The Valknut symbolises the transition from life to death and is composed of three triangles linked in the middle. This symbol is one of the most well-known Norse symbols. The points of the triangles equal nine points. These are believed to correspond to the nine realms in Norse mythology.
The Norse ‘Valknut’ the symbol of the transition from life to death.
Since Odin would openly welcome warriors slain in battle into the halls of Valhalla. Vikings went into battle looking forward to being greeted once they died, and thus were notoriously fearless in battle. When a warrior died they always wanted to make sure it was with a sword or an axe in their hands for that reason. No Viking wanted to end up in Helheim, the world of the dead where evil men ended up. Hel was the goddess that ruled this realm, and she punished anyone who came to her.

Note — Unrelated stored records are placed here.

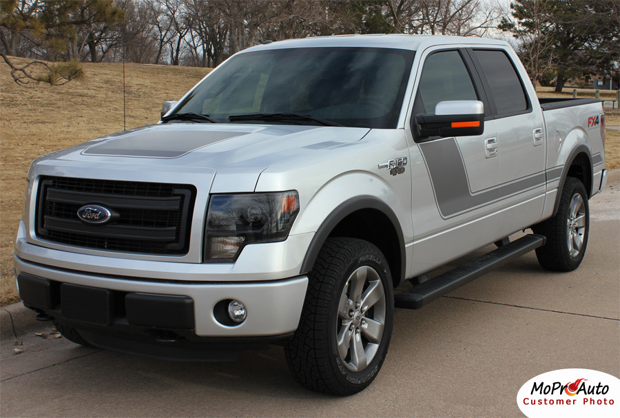 | | Contents | | One Hood Graphic (Choose Model Year) Included | | Description and Features | | DESCRIPTION The MoProAuto Original! Add personality to your Ford Series Truck with a vinyl graphic style! Offering specially designed vinyl stripes including upper door stripe kits, lower rocker panel stripes, hood graphics, and truck body stripe kits for the Ford F-150 models. This F-150 FORCE HOOD SOLID vinyl graphic accent kit is designed for the 2009, 2010, 2011, 2012, 2013, 2014 and 2015, 2016, 2017, 2018, 2019, 2020 Ford F-150. The vinyl stripe sections included with this vehicle specific vinyl graphic are one hood graphic vinyl decal stripes as shown. Choose the options needed from the menu on this page, including the premium cast automotive vinyl grade. Perfect Fit Every Time : Each vehicle specific MoProAuto Pro Design Series Vinyl Graphic Kit is pre-designed, test fitted, and sold to dealers before being made available to the general public, for a perfect fit every time with little to no trimming needed. Application Fitment : These professional quality MoProAuto Pro Design Series Vinyl Graphic and Stripe Kits fit any Ford F-150 models from 2009, 2010, 2011, 2012, 2013, 2014 and 2015, 2016, 2017, 2018, 2019, 2020 model years. FEATURES - Superior Quality Vinyl Material from 3M and Avery
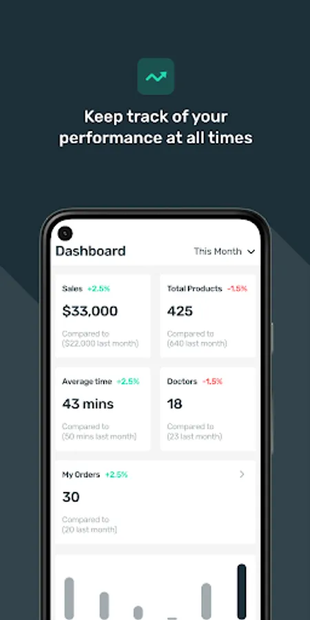 Finally, It helps you in checking your current and past order details, as well as tracking your monthly progress on the app’s dashboard, by viewing the number of dentists served and the number of earnings got by each sales member.
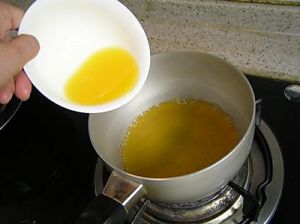 先做夹心层:用清水60ML泡菓珍,50ML加入小锅中煮开,10ML化开白凉粉,再倒入小锅中一起煮开。
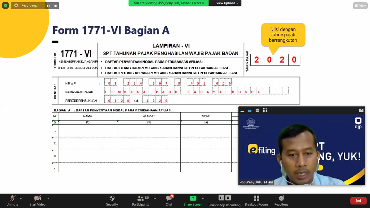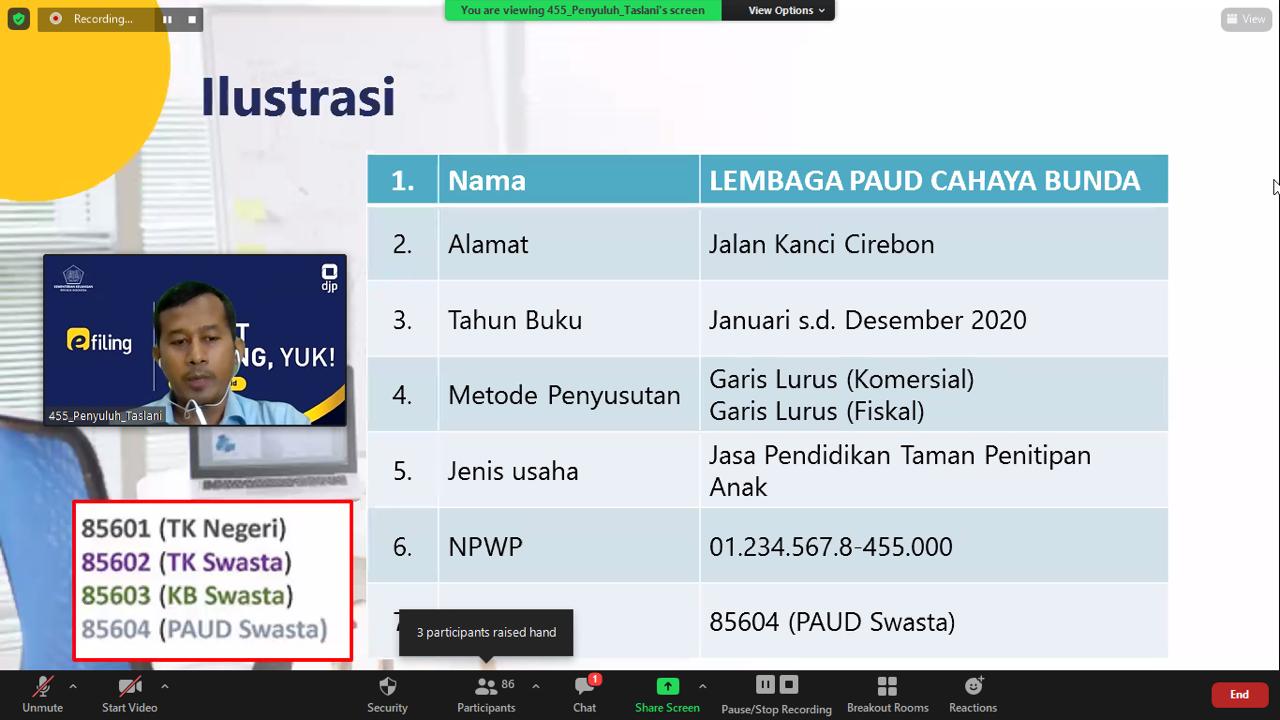 KPP Pratama Cirebon Dua mengadakan kelas pajak Pengisian SPT Tahunan PPh Badan di Cirebon (Rabu, 28/4). Kelas pajak ini bertujuan untuk memberikan pemahaman kepada wajib pajak bagaimana cara mengisi formulir pelaporan SPT Tahunan Badan serta mengingatkan kembali tentang batas waktu pelaporan SPT Tahunan Badan. Kegiatan ini terlaksana berkat kerjasama KPP Pratama Cirebon Dua dengan Dinas Pendidikan Kab. Cirebon. Pihak KPP Pratama Cirebon Dua berharap dengan adanya kelas pajak ini, para pengurus PAUD dapat melaksanakan kewajiban perpajakannya dengan baik dan benar, khususnya pelaporan SPT Tahunan PPh Badan Tahun 2020 yang akan berakhir pada 30 April 2021.
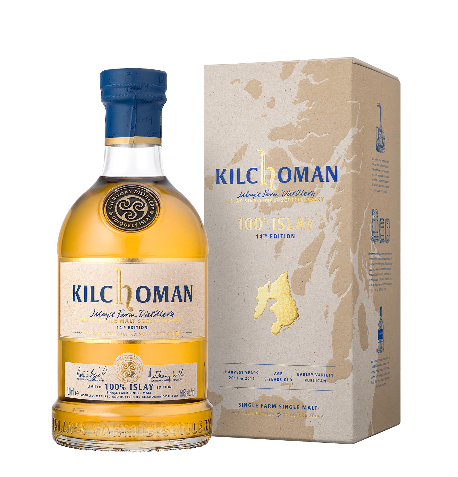 Kilchoman’s 100% Islay 14th Edition was distilled from our 2013 and 2014 barley harvests before being matured in selected bourbon and oloroso sherry casks for a minimum of 9 years.
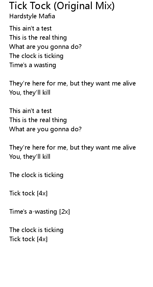 | Song | Tick Tock (Original Mix) |
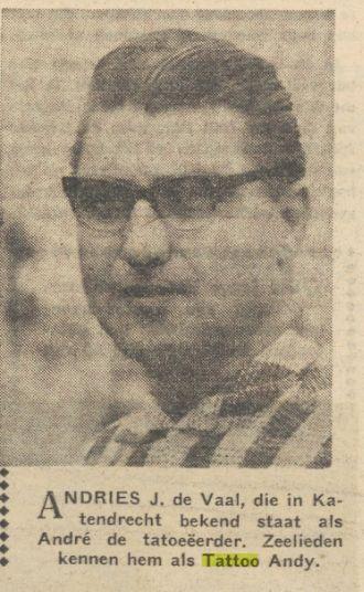 Het is onduidelijk wie daadwerkelijk de eerste Tattoo artiest was die Katendrecht bezocht... Dit is een Tattoo artiest waar zeer weinig over bekend is en waar men in de internationale Tattoo scene zijn bestaan niet eens van kent.... Dat is Tattoo Andre (voormalige zeeman) bij zeelieden bekend als "Tattoo Andy, zijn echte naam was Andries J. van de Waal.
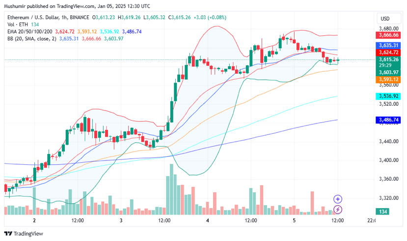 L'Indice di Forza Relativa (RSI) è a 75.5, segnalando che ETH è nella zona di ipercomprato. Ciò significa che ETH potrebbe prendersi una pausa presto, ma il forte slancio degli acquisti suggerisce che i tori non sono ancora pronti a ritirarsi.
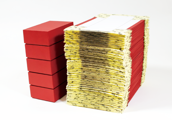 通常の貼り箱5ヶとピタットボックス®100ヶの比較写真です。
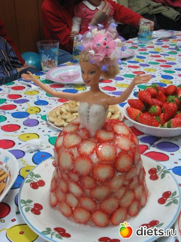 первый раз я даже не рискнула взяться за мастику, украсила юбку ягодами и залила аккуратно желе-глазурью для тортов.
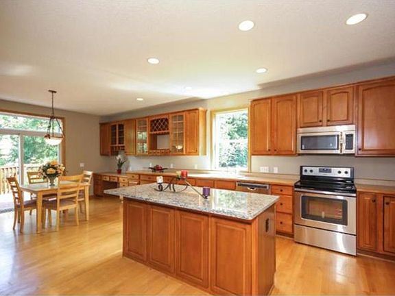Located in highly desirable Norttingham neighborhood, gorgeous impressively built Lundgren two story home with wrap around front porch. Beautiful floor plan with huge kitchen and room for 2 offices on main level. All maple woodwork, great potential to finish the walk out basement., Directions 94 to Weaver Lake Road West to Dunkirk South to Nottingham Pkwy Left at 78th to 77th to Comstock. Right to home.
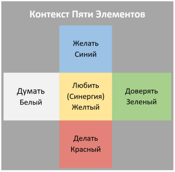 Например, кроме модели Латинского креста, мы будем активно использовать прямоугольную модель (см. прямоугольную диаграмму Контекста Пяти Элементов2).
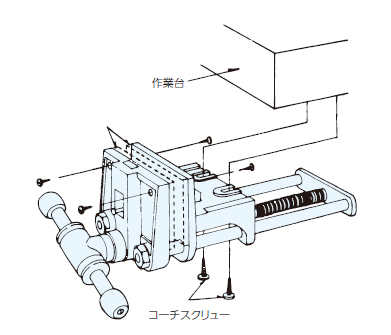 作業台の裏面からコーチスクリュー又はボルトで完全に固定して下さい。(HW175、HW150)
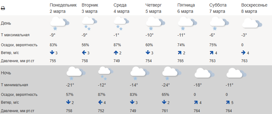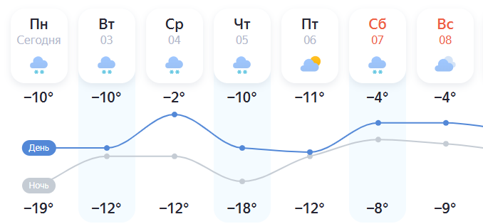 Сервис «Яндекс Погода» сообщает о сходных условиях. Дневные температуры составят от -10° до -2°, причем в среду ожидается кратковременное потепление до -2°. Самые холодные ночи — сегодня и в четверг, с понижением до -19° и -18° соответственно. Снег возможен с понедельника по четверг, а также в субботу.
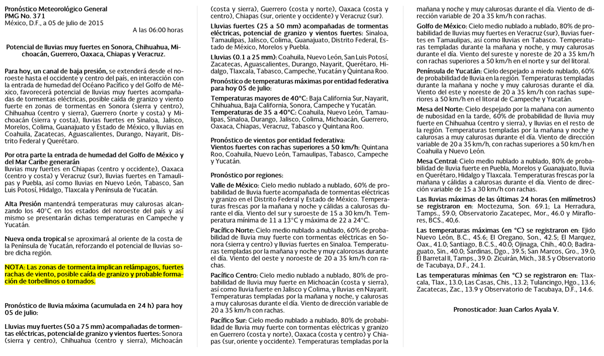 Pronóstico Meteorológico General 06:00 hpic.twitter.com/2tIWf6e5En

Many tombs in Scandinavia and former Viking lands have the Valknut drawn on them. Having these symbols showed faith in the cycle of life and death and a belief other worlds existed beyond the earth.
The simple truth is, we have all been given a fatal diagnosis. As the Foo Fighters song ‘DOA’ goes “No one’s getting out of here alive!” Ignoring or trying to hide from your mortality is a pointless, waste of energy. So why run from it? Instead, stand your ground and say “what can I do with the time allotted to me?” Aim to live a worthwhile and authentic life unfettered by fear. Once you have conquered a fear of death, anything goes.
“To practice death is to practice freedom. A man who has learned how to die has unlearned how to be a slave.”
(Michael de Montaigne)
The idea of memento mori and meditating on your mortality is only depressing if we miss the point. Used correctly it becomes a tool to create priority, perspective and urgency. To treat our time as a valuable resource and not waste it on small inconsequential things. Death doesn’t make life pointless but instead creates purpose and drive.
No one knows for certain how much time is on the clock. Don’t waste your time on trivial, pointless things and don’t take for granted the time you have. It doesn’t matter if it is a coin (obol), a symbol (Valknut, crucifix, ankh), books or just regular contemplation or meditation on the idea. Keep a Memento mori with you and live a fearless existence ready for whatever fate sends your way.
“Death smiles at us all, but all a man can do is smile back.”